Data: 2009-07-31 08:55:04
Temat: Re: Chemia zakochania. Bossski stan. Czy podlega kontroli?
Od: Matb <m...@o...eu>
Pokaż wszystkie nagłówki
Duch napisał(a):
> "Hanka" <c...@g...com> wrote in message
> news:2445f69c-de98-4ffe-8c29-7ea4f9538e3a@w41g2000yq
b.googlegroups.com...
>
> > Czyste prawo zachowania gatunku.
> > Do ktorego tak zwana cywilizowana mysl
> > dorobila monogamie.
> > Zupelnie nienaturalne, wymuszone ramki.
>
> Czasami slyszy sie taka interpretacje,
> ze to wina "ramek cywilizacji"
> ale taka interpretacja wydaje mi sie mocno chybiona.
>
> Dlaczego?
>
> Bo juz z tego konkretnego przykladu widac
> ze tu cywilizacja nie ma nic do rzeczy.
> Kobita ma problem nie z ramkami tylko z _wyborem_.
> Jesli odejdzie z nowym facetem, de facto odejdzie w nieznane,
> straci dotychczasowego, wpedzi w klopoty dziecko, itd. itd.
> Jesli nie odejdzie - poczuje sie zdolowana.
>
> Normy cywilizacyjne nie maja w tej konkretnej sytuacji wplywu.

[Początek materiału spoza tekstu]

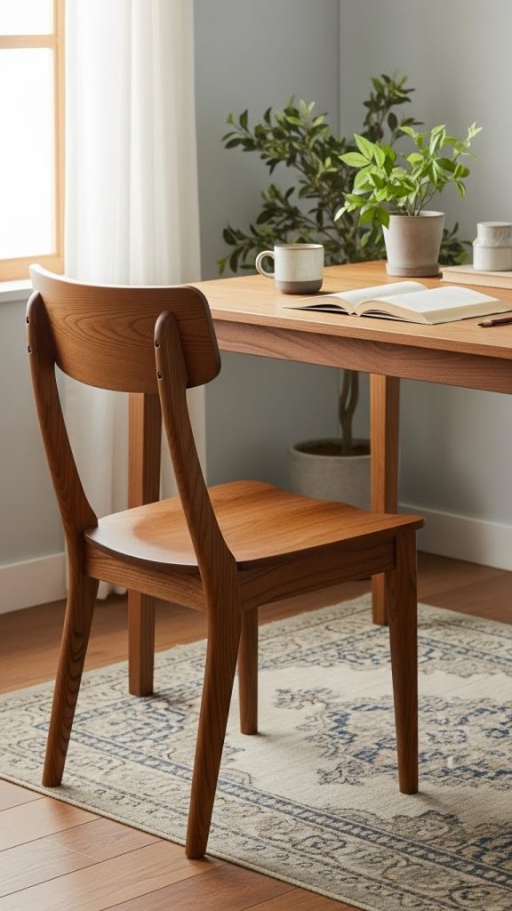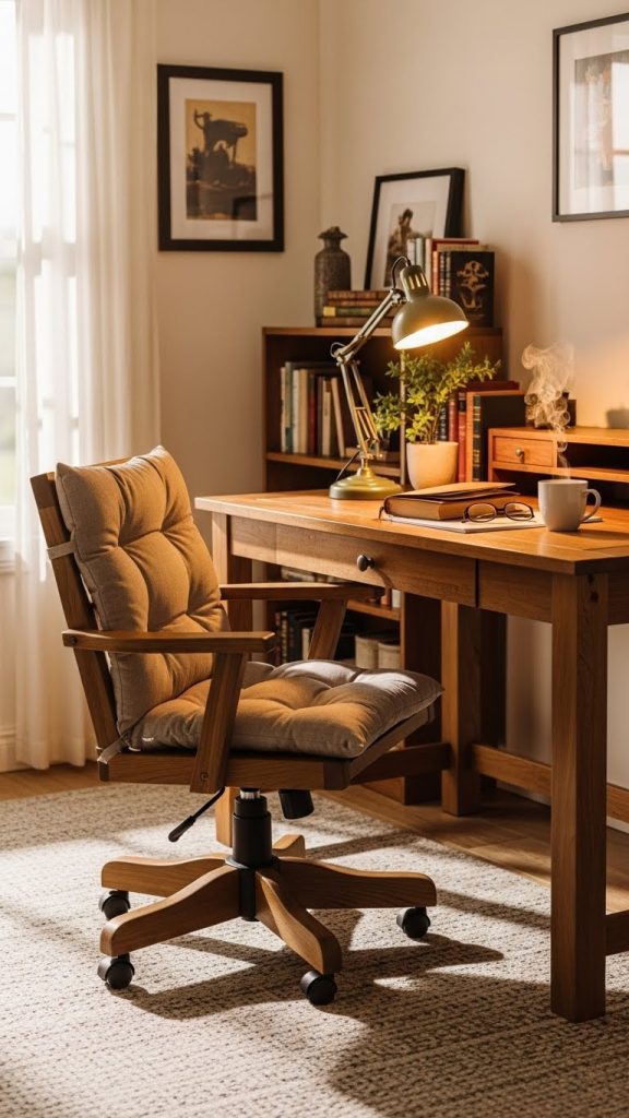 Chairs with curved backrests, angled seats, and supportive armrests provide natural alignment for the spine. When paired with a seat cushion, wooden chairs can support long hours of focused work.
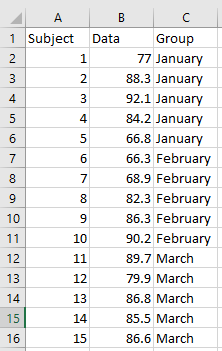If you have independent samples, where each observation is a different subject, you will need to create a grouping variable instead. Let’s go with the same example above, so we have some measurement by month, where each tab is a different month on independent samples. Putting the data onto one tab will look like this:

Myślę, że interpretacja Hanki jest bardzo trafna. Normy, w tym
monogamia, narzucone sa przez kulture.
W naturze człowieka nie leży monogamia, tak stwierdzam.
Wybór o jakim tu mowa dotyczy wyboru ujmując ogólnikowo między prawem
natury a wymogami kulturowymi.
Gdybyśmy żyli bez reguł narzucających monogamie nie byłoby potrzeby
bawić się w wybory.
Nie rozpatruję tu zmiany partnera i wycieczki w nieznane w sensie na
stałe.
Dość niesamowite jest to co się dzieje z mózgiem pod wpływem bliskości
fizycznej odpowiedniej osoby.
Jeszcze ciekawsze poddanie tego kontroli świadomości. Burza hormonów
robi swoje i jest to nieziemsko przyjemne, a Ty weź człowieku odmów
sobie takich uniesień.
Powiedzieć stop zanim zawładnie umysłem chemia? Da się? Wyczujesz, że
ten osobnik może wyzwolić falę uniesień i ominiesz go? Świadomie
odmawiając sobie przyjemności? Tortura normalnie.